The Stochastic Gap: A Markovian Framework for Pre-Deployment Reliability and Oversight-Cost Auditing in Agentic Artificial Intelligence
AI 摘要
论文提出马尔可夫框架,用于评估智能体AI的可靠性和监管成本,并应用于企业采购流程。
主要贡献
- 提出基于马尔可夫框架的智能体可靠性评估方法
- 定义了状态盲点质量和状态-动作盲质量等关键指标
- 通过实际企业流程数据验证了框架的有效性
方法论
构建基于马尔可夫链的数学模型,利用企业事件日志数据,模拟智能体行为,计算关键指标并评估可靠性和监管成本。
原文摘要
Agentic artificial intelligence (AI) in organizations is a sequential decision problem constrained by reliability and oversight cost. When deterministic workflows are replaced by stochastic policies over actions and tool calls, the key question is not whether a next step appears plausible, but whether the resulting trajectory remains statistically supported, locally unambiguous, and economically governable. We develop a measure-theoretic Markov framework for this setting. The core quantities are state blind-spot mass B_n(tau), state-action blind mass B^SA_{pi,n}(tau), an entropy-based human-in-the-loop escalation gate, and an expected oversight-cost identity over the workflow visitation measure. We instantiate the framework on the Business Process Intelligence Challenge 2019 purchase-to-pay log (251,734 cases, 1,595,923 events, 42 distinct workflow actions) and construct a log-driven simulated agent from a chronological 80/20 split of the same process.
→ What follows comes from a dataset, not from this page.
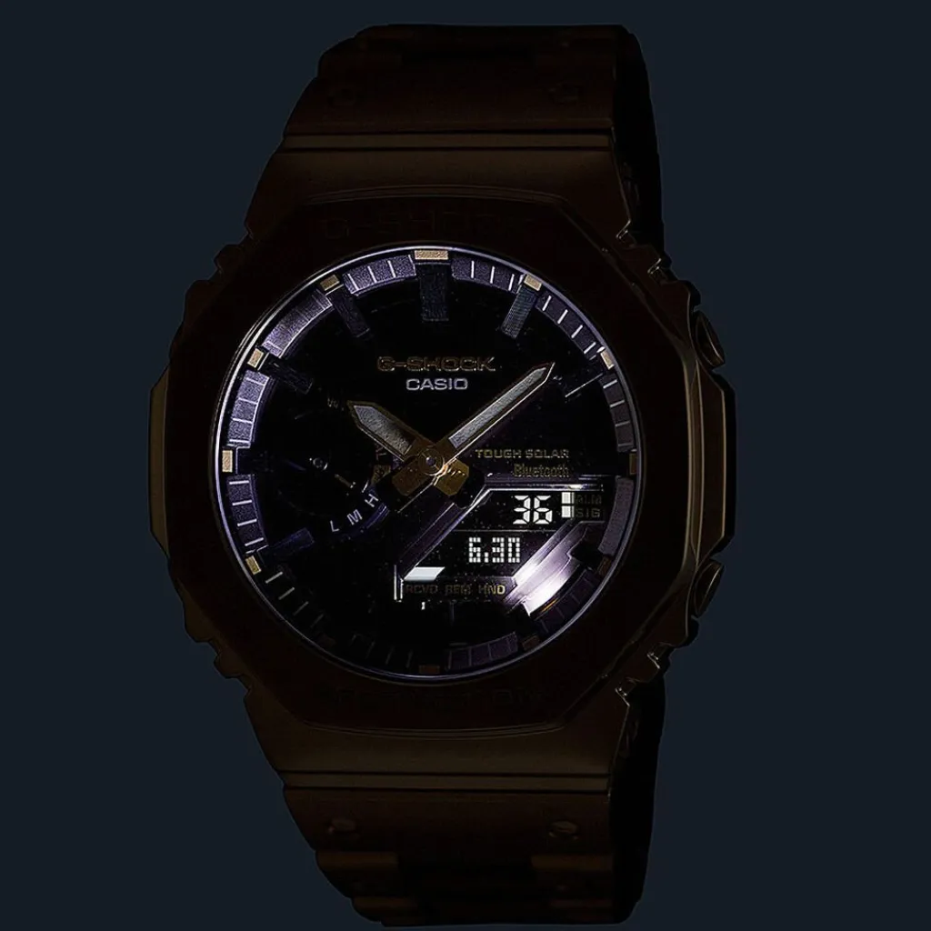 Montre G-shock Premium Classic Acier Doré Ronde Quartz 44.4mm Fond Noir Bracelet Acier Doré Gm-b2100gd-9aer

The main empirical finding is that a large workflow can appear well supported at the state level while retaining substantial blind mass over next-step decisions: refining the operational state to include case context, economic magnitude, and actor class expands the state space from 42 to 668 and raises state-action blind mass from 0.0165 at tau=50 to 0.1253 at tau=1000. On the held-out split, m(s) = max_a pi-hat(a|s) tracks realized autonomous step accuracy within 3.4 percentage points on average. The same quantities that delimit statistically credible autonomy also determine expected oversight burden. The framework is demonstrated on a large-scale enterprise procurement workflow and is designed for direct application to engineering processes for which operational event logs are available.